I sank a little further

into the abyss after my beloved camper flooded. It was the last straw. I was struggling to find an editor for the proof of concept I shot in May, Steve got Covid, family visited, life got derailed. Then the flood came. At first a glistening puddle on the kitchen floor, seemingly unattached to anything obvious, like a leaky fridge. A camper friend and Steve put their heads together and identified a deteriorated fitting on the hot water heater. The entire underbelly of the camper, insulation and all, was flooded. About twenty feet of it.

It didn’t take long

for the heated summer days to swell the moisture into a soaking wet mass of smelly chipboard. My lungs protested. After three weeks, a month early, I gave up and abandoned ship. We cleared out the camper and it was hauled yesterday to be poked and prodded and investigated. We’ve been told black mold will set in, that the camper should be written off.

That camper is a dream.

Its best feature was the panoramic windows I stared out of every day as I wrote, my head bent over ‘my spot’ at the kitchen table. We looked for years to find the right camper. There is no other like it. It was old (2009) but it was good.

So now

I am back home, away from our plot in the community garden that is abundant with the fresh vegetables we planted and weeded, away from dipping my toes in the warm water at the beach, away from lazy weekends of reading with my toes buried in the sand and a cool beverage at my side. My view of the outdoors is now relegated to leafy trees. That’s not so bad, I adore trees and am grateful to breathe in their healthy goodness. But I need water, and it was a shock to suddenly be forced FROM water BY water. The sun is still shining and the air outside is fresh but I am indoors. The cozy lawnmowers have been replaced by sirens and trucks and construction saws and a motorcycle a neighbour seems to run for an hour straight every morning. Noise. SO. MUCH. NOISE. I stare at a screen and have never felt so trapped.

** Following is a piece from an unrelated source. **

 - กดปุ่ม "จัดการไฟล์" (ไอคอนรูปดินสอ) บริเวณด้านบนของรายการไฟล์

So enclosed. So utterly, entirely enclosed.

All along I have been saying, “It’s okay, my problems are nothing. Others are TRULY suffering.” And they are, and their suffering hurts my soul because I am unable to help. I AM HELPLESS. I feel like the water that destroyed my oasis is all the unshed tears I have yet to cry while I scream to the heavens. I want to ask WHY WHY WHY — WHY the pandemic, WHY the pain my friends are going through, WHY the war, WHY the suffocation of being forced indoors when there is so much light and open sky and freshness left outside?

And WHY can’t I disappear into another story, because that was always my safe place, my place to hide, my place to disappear from the things that hurt?

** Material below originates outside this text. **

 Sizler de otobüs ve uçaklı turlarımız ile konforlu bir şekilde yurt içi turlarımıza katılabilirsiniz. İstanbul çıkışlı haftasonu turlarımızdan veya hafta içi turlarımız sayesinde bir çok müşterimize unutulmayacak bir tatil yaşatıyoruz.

But mostly — WHY am I glossing over the truth and pretending everything is okay when it isn’t?

How many of us continue along on our journeys with our truths buried — how many of us are afraid to let go? How many of us allow ourselves to truly ‘feel the feels?’

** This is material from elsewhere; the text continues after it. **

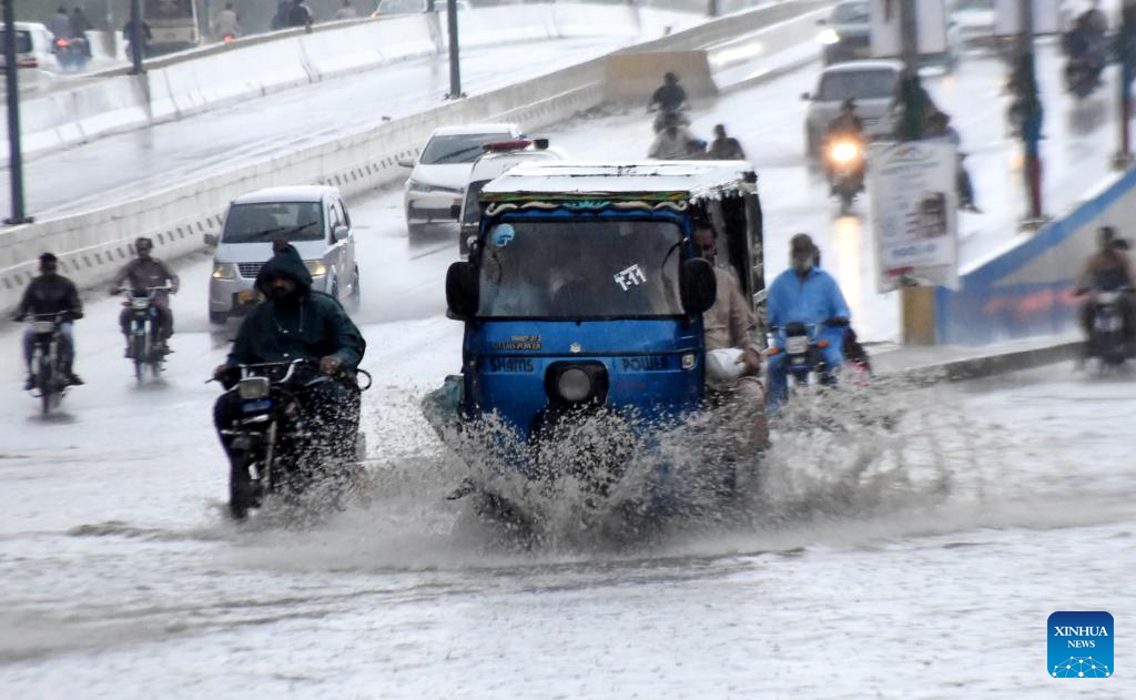 Vehicles run on a flooded road after heavy rain in southern Pakistani port city of Karachi, on July 25, 2022. Around 310 people have been killed and 295 others injured in separate rain-related incidents in Pakistan since June 14 as heavy downpours continued to lash the country, the National Disaster Management Authority (NDMA) said. (Str/Xinhua)

A favourite line from an old fave film, The Horse Whisperer, came to mind the other day — “I know where he goes.” Look it up. I always thought how lucky I was to go there while I was writing. But now I know the truth.

I need to be strong — no more hiding. No more asking Jessie and the other characters in my stories to feel the feels for me. I gotta feel them myself. Not bury them. Not let the trailer’s flood be my tears.

I gotta shed my own tears.

And maybe then I’ll be able to sit down and write.